INPUT:
* * *
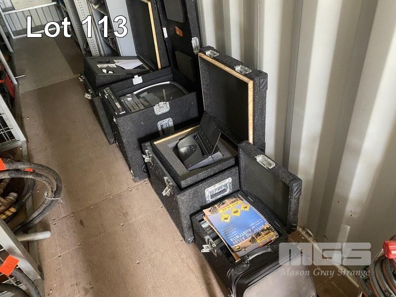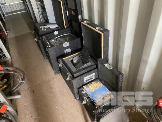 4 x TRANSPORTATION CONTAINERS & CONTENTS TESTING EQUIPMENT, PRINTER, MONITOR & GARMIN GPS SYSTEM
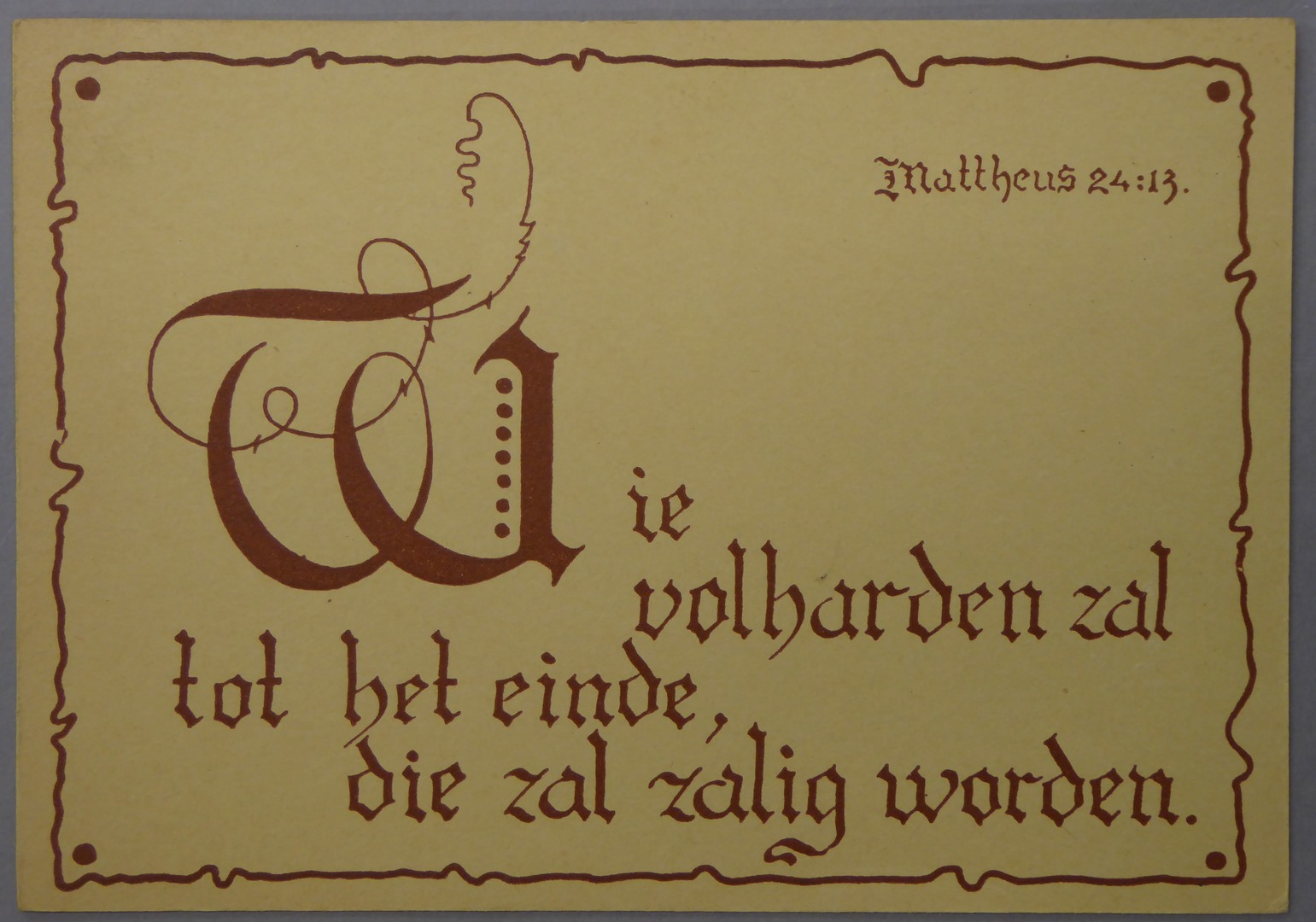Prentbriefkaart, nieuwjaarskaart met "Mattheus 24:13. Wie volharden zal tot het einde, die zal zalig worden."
* * *
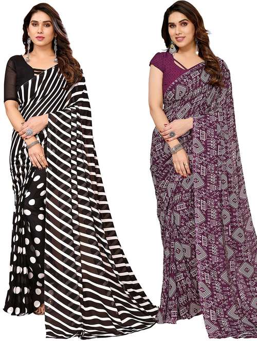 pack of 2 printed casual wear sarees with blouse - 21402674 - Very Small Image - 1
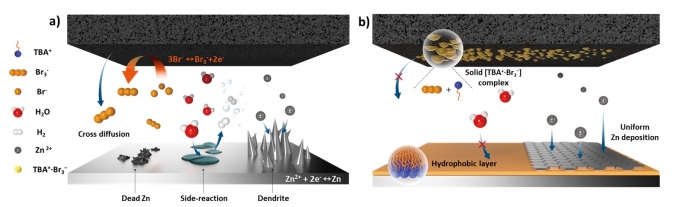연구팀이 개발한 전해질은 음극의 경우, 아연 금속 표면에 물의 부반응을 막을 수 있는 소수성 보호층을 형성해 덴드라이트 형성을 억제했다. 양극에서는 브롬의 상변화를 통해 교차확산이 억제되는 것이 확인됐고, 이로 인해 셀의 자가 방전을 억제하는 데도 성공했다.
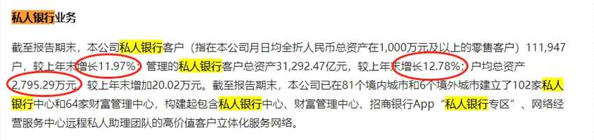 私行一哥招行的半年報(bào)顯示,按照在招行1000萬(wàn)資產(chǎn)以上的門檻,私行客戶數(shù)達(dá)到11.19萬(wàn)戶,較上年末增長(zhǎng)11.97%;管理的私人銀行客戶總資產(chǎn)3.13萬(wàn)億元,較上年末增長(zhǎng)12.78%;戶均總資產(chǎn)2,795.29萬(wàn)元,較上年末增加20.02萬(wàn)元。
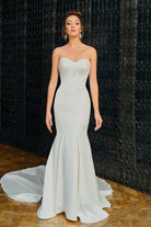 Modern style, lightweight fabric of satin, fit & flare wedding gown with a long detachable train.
* * *
PROBLEM DESCRIPTION: Whatever pictures the records hold, omit them; give again exactly the lines from the one containing "4 x TRANSPORTATION" through the one containing "Prentbriefkaart, nieuwjaarskaart met".

EXERCISE ANSWER:
 4 x TRANSPORTATION CONTAINERS & CONTENTS TESTING EQUIPMENT, PRINTER, MONITOR & GARMIN GPS SYSTEM
Prentbriefkaart, nieuwjaarskaart met "Mattheus 24:13. Wie volharden zal tot het einde, die zal zalig worden."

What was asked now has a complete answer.